201×年9月のことだ。夏休み明けにとある本が発売され、瞬く間にベストセラーになった。そのタイトルは……
『異類義経記』
これまでにない大胆な解釈によって書かれた歴史小説という触れ込みだった。
もちろん僕は買った。MUST BUY だ!
家の近くの本屋では売り切れていたので、お母さんに頼んでアマゾンで買ってもらった。お急ぎ便で当日発送、翌日到着。僕はさっそくページをめくった。
――五分後。
なんだこれは!? 実に酷い内容だ!
義経は超人的な強さとカリスマ性を持ち、平氏を滅ぼした立役者だ。その強さの由来は幼少期に天狗に育てられたなど、諸説ある。この本ではその理由がなんと――
義経は毛を剃って人間のフリをした猿だったのです。猿だから身体能力が高い。つまり強い、というわけでおます。
………………
僕は何度となく本を読むのを中断しようとした。許されるのなら窓の外から今すぐに放り出したかった。
しかしお母さんに買ってもらったのと、定価が1800円とかなり高かったことから、僕は我慢して読み進めることにした。
もしかしたら最後に猿であることを覆す衝撃の結末が待っているかもしれない。
その一縷の望みにすがって読み進めたが、結局、義経は猿のまま終わった。がっくりした。こんなに時間を無駄にしたと思った読書は初めてだった。

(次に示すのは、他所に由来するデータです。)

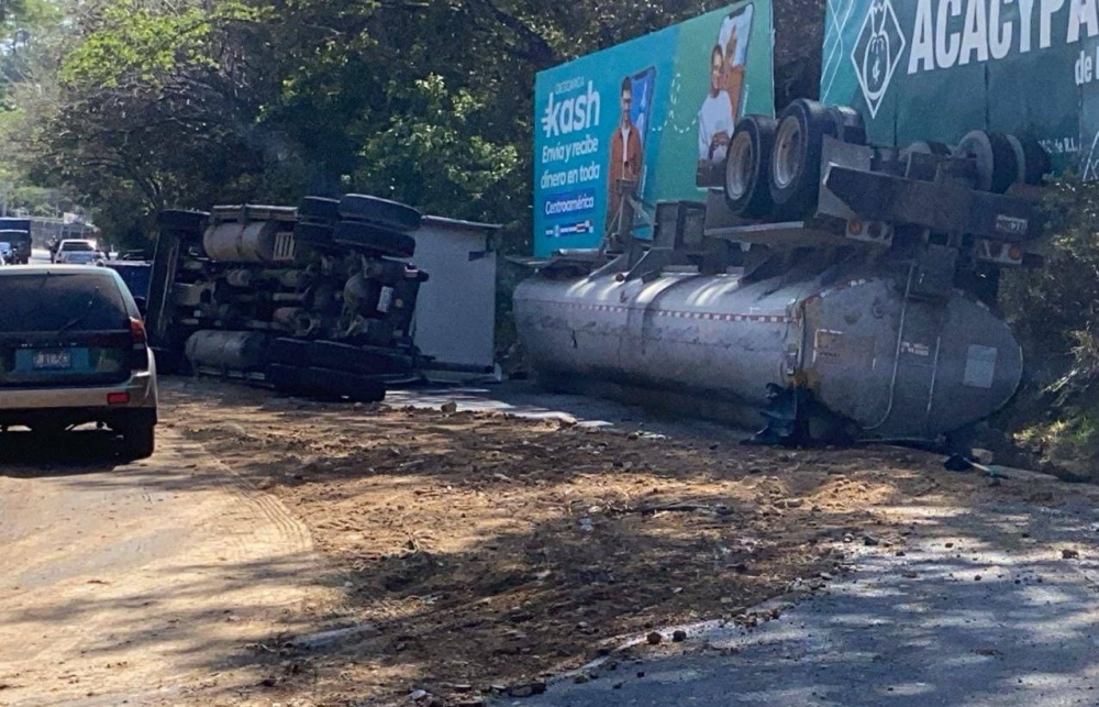 Reportamos un accidente de tránsito, donde el conductor de un cabezal que transportaba aceite, perdió el control y volcó sobre el km 86 de la carretera Troncal del Norte, en La Palma, Chalatenango.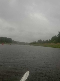 Ennen Haminan kylää rupesi roiskimaan vettä enemmänkin, kajakkimelojat säästyivät enimmältä kastumiselta, mutta avokanootissa ja veneessä olijat kastuivat, jos ei ollut hyvää sadeasua päällä. Mutta eihän se pieni märkyys näin kesällä haittaa.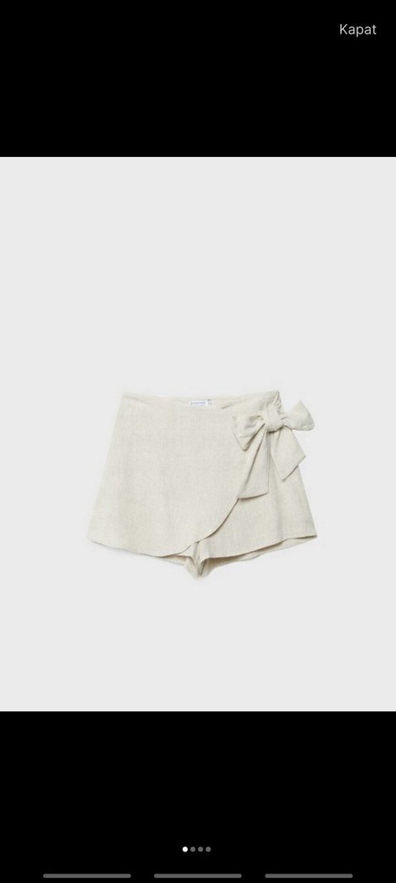 Fırfırlı detayı ve keten kumaşıyla bej renkte, bol kesim kısa hamile şortu. Minimalist tarzda, günlük kullanım için uygun.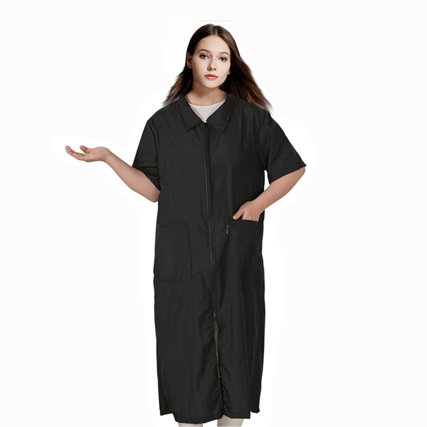 Q: Is the DHXYZZB Salon Smock suitable for both men and women?A: Yes, the DHXYZZB Salon Smock is designed to be unisex, making it suitable for both men and women who are involved in pet grooming or hairdressing.

余談だが五条大橋で敗北してから義経に仕えることになった弁慶は、毛を剃ったクマという設定だった。
どちらにしろ酷い! 酷すぎる!
翌日、学校に登校した僕はみんなの前で本のことをクソミソにけなしてやった。
ベストセラーだって言うから期待して読んだのに、本当に酷いものだったよ。義経は毛をそったサルで、弁慶はクマだっていうんだ。読む価値ない。ありえなさすぎる。みんな、絶対に読んではいけないからね!
マジ? じゃあ読まない
大半のクラスメイトは僕の話を信用してくれた。僕もこれ以上、あの本による被害者が増えてほしくないと心から願っていたのだ。
聞き捨てならないな!
突然、クラスメイトの猿渡紋吉(さるわたりもんきち)が食ってかかってきた。
いったい義経が猿で何がいけないってんだ? 本が面白かったかどうかはおまえ個人の感想だから仕方がないが、歴史の解釈にケチをつけるのはどうなんだ?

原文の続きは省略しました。